* Stored records *
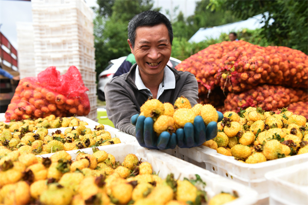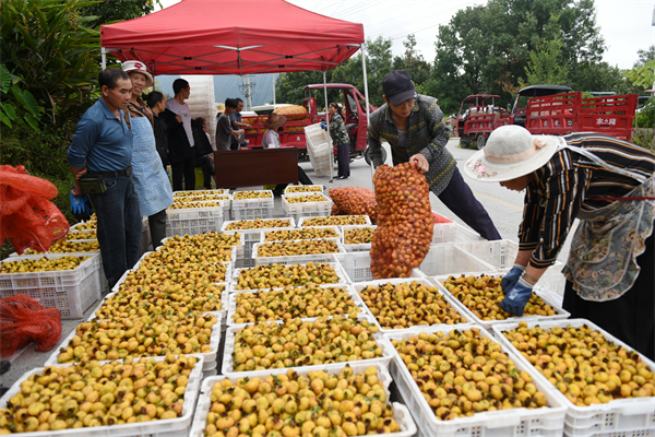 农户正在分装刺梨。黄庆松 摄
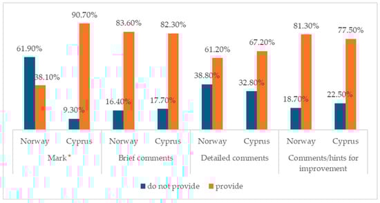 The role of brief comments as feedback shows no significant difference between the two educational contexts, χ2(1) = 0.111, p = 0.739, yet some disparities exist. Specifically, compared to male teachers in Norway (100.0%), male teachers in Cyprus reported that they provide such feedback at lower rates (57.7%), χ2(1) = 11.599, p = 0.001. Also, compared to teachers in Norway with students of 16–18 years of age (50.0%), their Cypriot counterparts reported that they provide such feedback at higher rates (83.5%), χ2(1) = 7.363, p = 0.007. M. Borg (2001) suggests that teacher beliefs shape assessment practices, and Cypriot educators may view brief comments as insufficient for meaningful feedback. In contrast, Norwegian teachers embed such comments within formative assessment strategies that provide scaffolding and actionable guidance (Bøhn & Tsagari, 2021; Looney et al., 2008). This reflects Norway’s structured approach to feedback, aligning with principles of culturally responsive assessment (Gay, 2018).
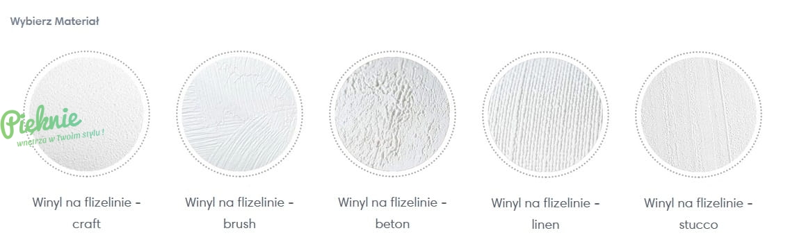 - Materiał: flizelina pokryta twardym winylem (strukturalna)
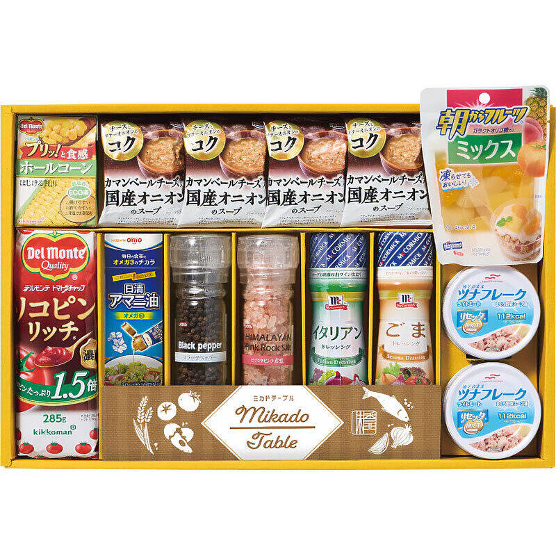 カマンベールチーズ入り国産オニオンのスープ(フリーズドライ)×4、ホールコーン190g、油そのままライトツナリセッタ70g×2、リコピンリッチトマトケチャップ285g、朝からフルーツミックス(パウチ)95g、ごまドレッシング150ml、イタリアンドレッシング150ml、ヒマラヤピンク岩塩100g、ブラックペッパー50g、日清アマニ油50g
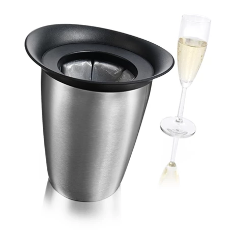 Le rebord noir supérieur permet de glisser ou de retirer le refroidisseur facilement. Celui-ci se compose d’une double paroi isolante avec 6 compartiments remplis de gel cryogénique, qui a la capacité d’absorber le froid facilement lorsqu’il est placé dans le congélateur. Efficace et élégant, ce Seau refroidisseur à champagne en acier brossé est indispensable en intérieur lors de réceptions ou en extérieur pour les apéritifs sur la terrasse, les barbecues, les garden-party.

* HOW TO COMPLETE THIS TASK *
Omitting all pictures, restate word for word the lines from the one containing "- Materiał: flizelina" through the last line of the data.

* RESPONSE *
 - Materiał: flizelina pokryta twardym winylem (strukturalna)
 カマンベールチーズ入り国産オニオンのスープ(フリーズドライ)×4、ホールコーン190g、油そのままライトツナリセッタ70g×2、リコピンリッチトマトケチャップ285g、朝からフルーツミックス(パウチ)95g、ごまドレッシング150ml、イタリアンドレッシング150ml、ヒマラヤピンク岩塩100g、ブラックペッパー50g、日清アマニ油50g
 Le rebord noir supérieur permet de glisser ou de retirer le refroidisseur facilement. Celui-ci se compose d’une double paroi isolante avec 6 compartiments remplis de gel cryogénique, qui a la capacité d’absorber le froid facilement lorsqu’il est placé dans le congélateur. Efficace et élégant, ce Seau refroidisseur à champagne en acier brossé est indispensable en intérieur lors de réceptions ou en extérieur pour les apéritifs sur la terrasse, les barbecues, les garden-party.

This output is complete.